Сегодня Пруэнса вызывал меня, чтобы прочесть показания нового свидетеля, так радовался, что даже чаю велел принести, и читал с особым выражением, делая театральные паузы.
«Настоящим подтверждаю, что с подозреваемым у меня были близкие отношения, однако я отвергла его предложение руки и сердца, чем привела Кайриса в отчаяние. Однажды он залез в нашу квартиру по карнизу, перепугав соседей и мою младшую сестру Сольвегу. Сестру он пугал и позднее, она боялась мне признаться и довольно долго терпела его домогательства. Он воображает себя писателем, не признает никаких правил и совершенно аморален. Полагаю, что Кайрис способен на криминальные поступки. В том числе и на убийство».
Когда я услышал это, то даже засмеялся от удивления.
— Это же Габия пишет! Где вы ее выкопали? И при чем тут наши с ней отношения, близкие или далекие? У нее, видать, в голове помутилось, она всегда была немного не в себе.
— Да? А мне она показалась здоровой и бодрой, — заметил Пруэнса, — даже слишком для ее нынешнего положения. Вы убедитесь в этом, когда у вас будет очная ставка с сеньорой Рауба.
— С сеньорой кто? — мне показалось, что я ослышался.
— Сеньорой Рауба из Литвы. Вчера мы с переводчиком звонили ей в гостиницу, чтобы снять предварительные показания. Она придет сюда в понедельник, чтобы вас увидеть.
— Габия придет сюда? Что она делает в Лиссабоне?
— Вероятно то, что полагается в таких случаях. — Пруэнса пожал плечами.
— Послушайте, что за тенета вы тут плетете? Я требую очную ставку с самим Раубой. В конце концов, вы конфисковали его камеры, значит, он может быть вызван как свидетель.
— Вот как? Я подумаю, что можно сделать, — следователь посмотрел на меня с интересом.

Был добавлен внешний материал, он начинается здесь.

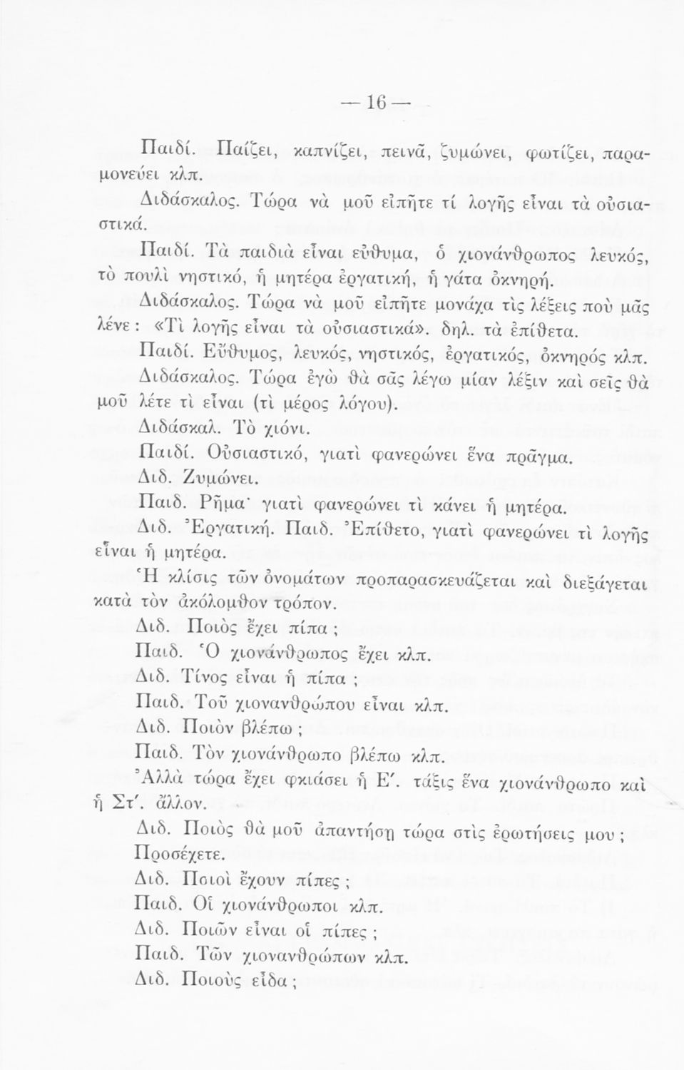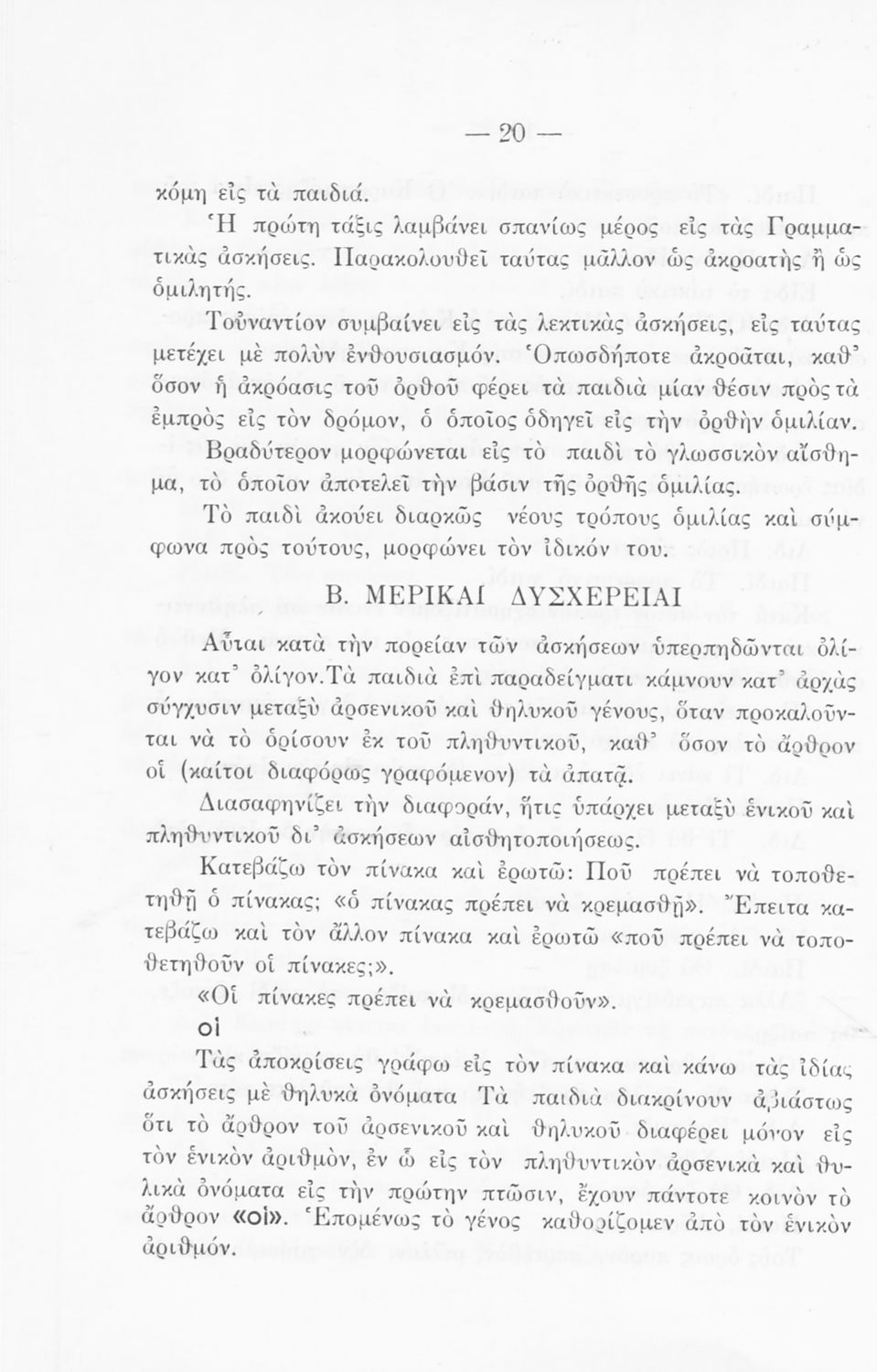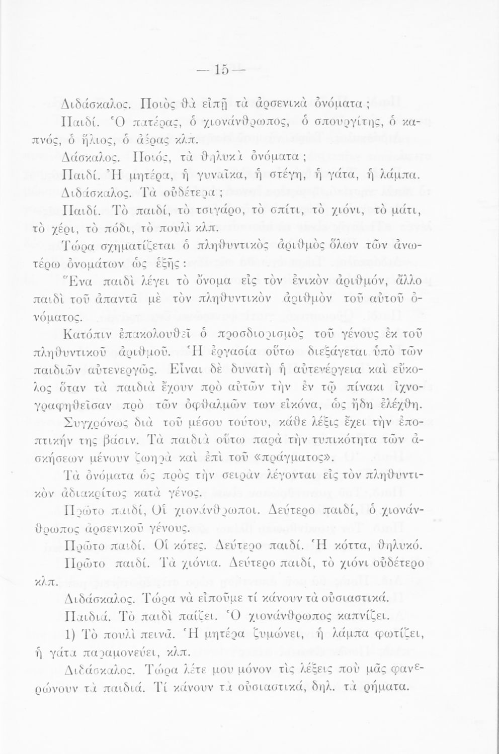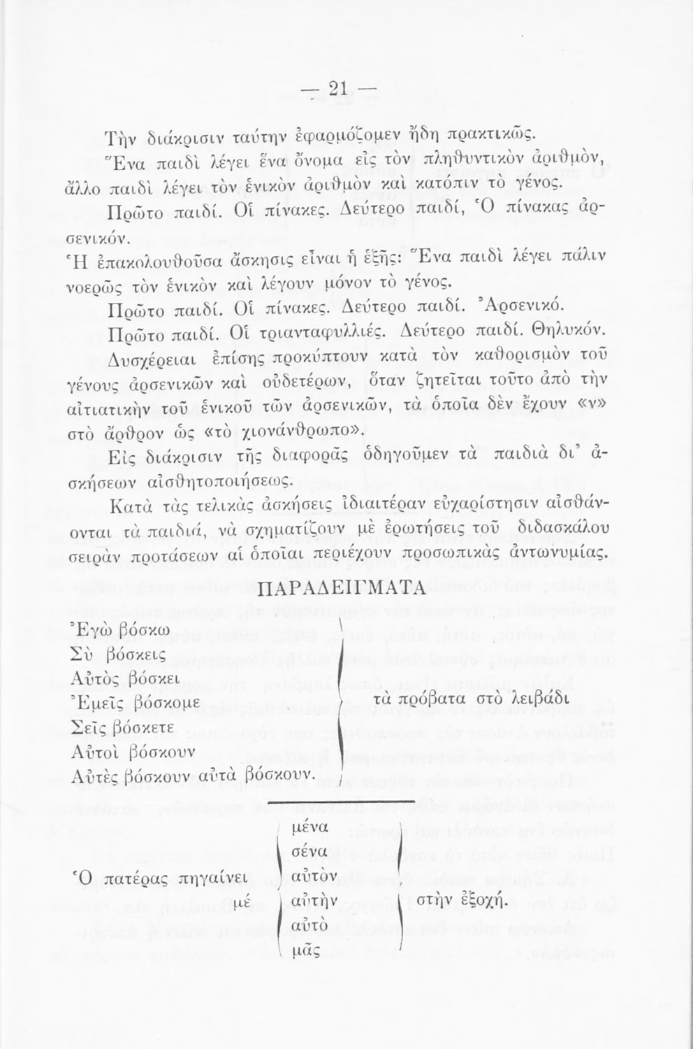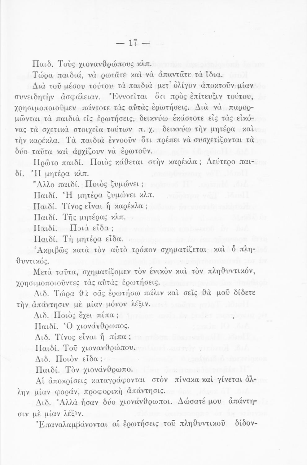 Βαθμίδα εκπαίδευσης: Πρωτοβάθμια Τάξη: Α' Δημοτικού / Β' Δημοτικού Γλώσσα: Απλή καθαρεύουσα Παρουσίαση περιεχομένου: Παιδαγωγικό βοήθημα που εμφορείται από τις αρχές της Νέας Αγωγής και απευθύνεται στους δασκάλους των Μονοταξίων Δημοτικών. Αποσκοπεί στην παροχή θεωρητικών κατευθύνσεων και πρακτικών οδηγιών για τη διδασκαλία της Γλώσσας και της Πατριδογνωσίας σε μονοτάξια σχολεία και συνδιδασκόμενες τάξεις. |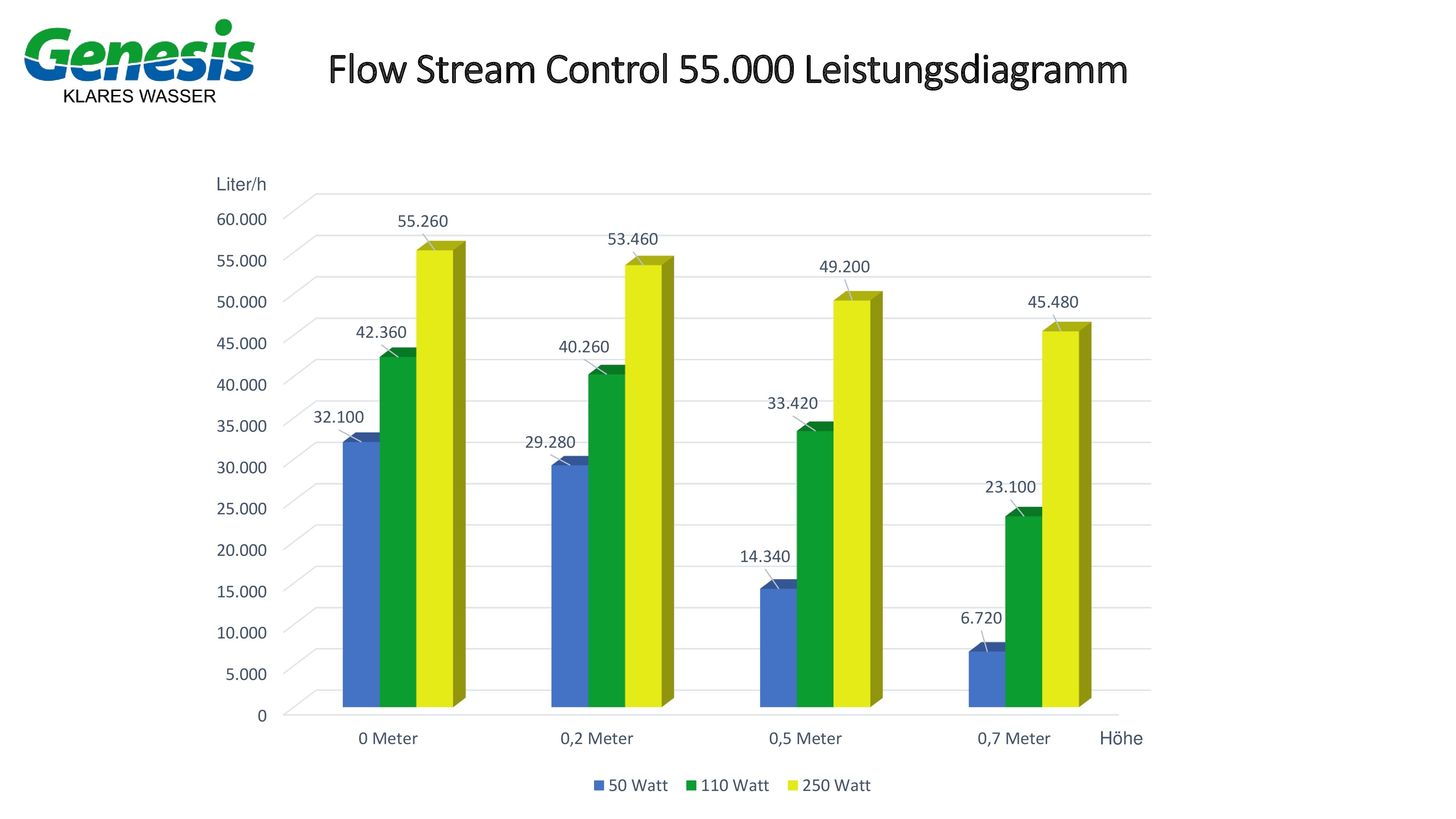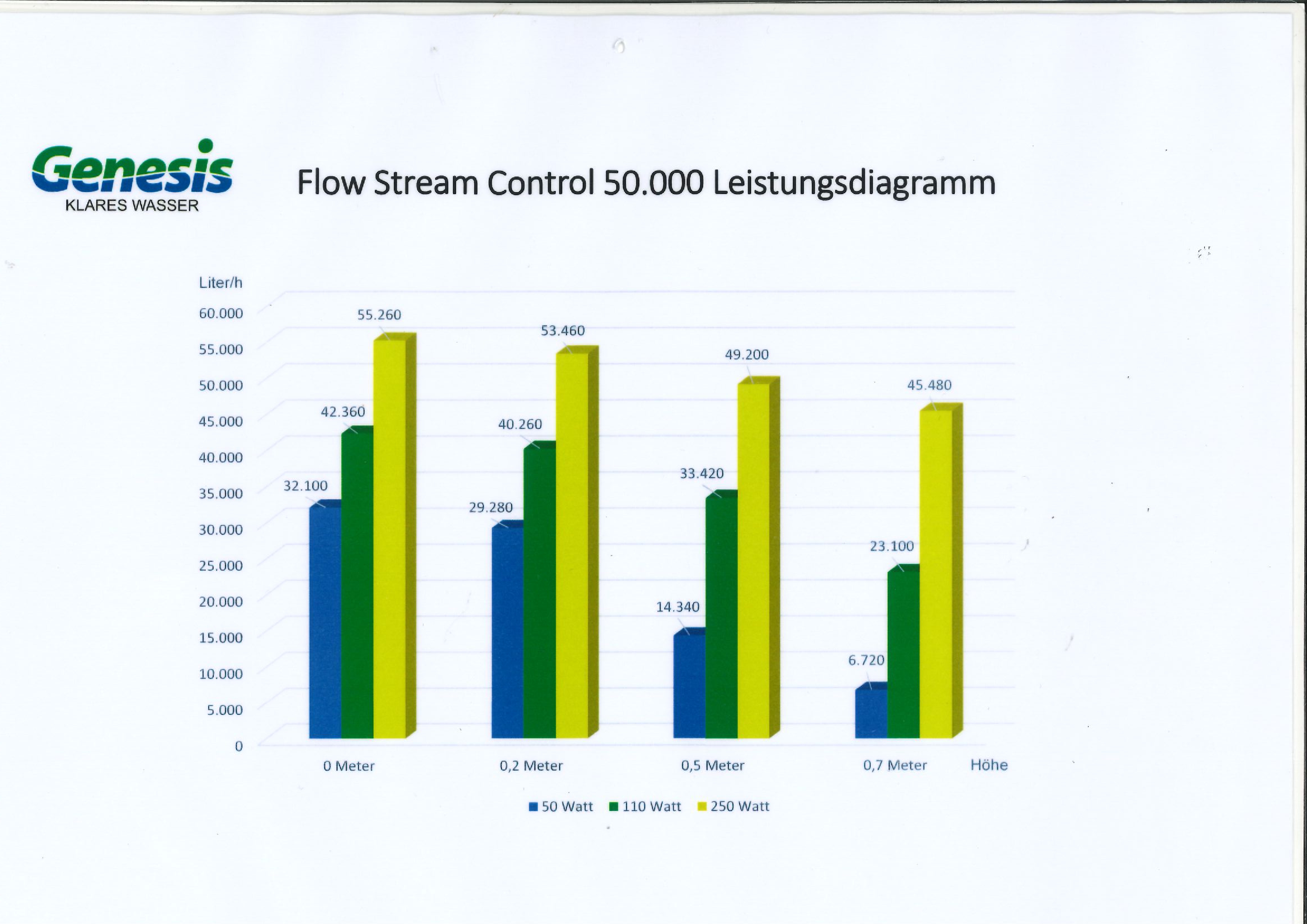 Bei einer Förderhöhe von 0,5m verbraucht Sie bei 33.420 Liter Fördermenge nur 110 Watt.

Почему Лютас не рассказал мне, что женился на кукольнице? Мы ведь вспоминали о ней пару раз, но он даже виду не подал, сказал только, что заходил на улицу Пилес, уже после моего отъезда, весной две тысячи пятого. Я даже помню, где мы об этом говорили, — на ступеньках лиссабонского собора Се, сидели там на ярком солнце и ждали моего поставщика, прихлебывая коньяк из нагревшейся фляжки. Я немного нервничал, высматривал синюю теннисную сумку в толпе туристов и почти не слушал.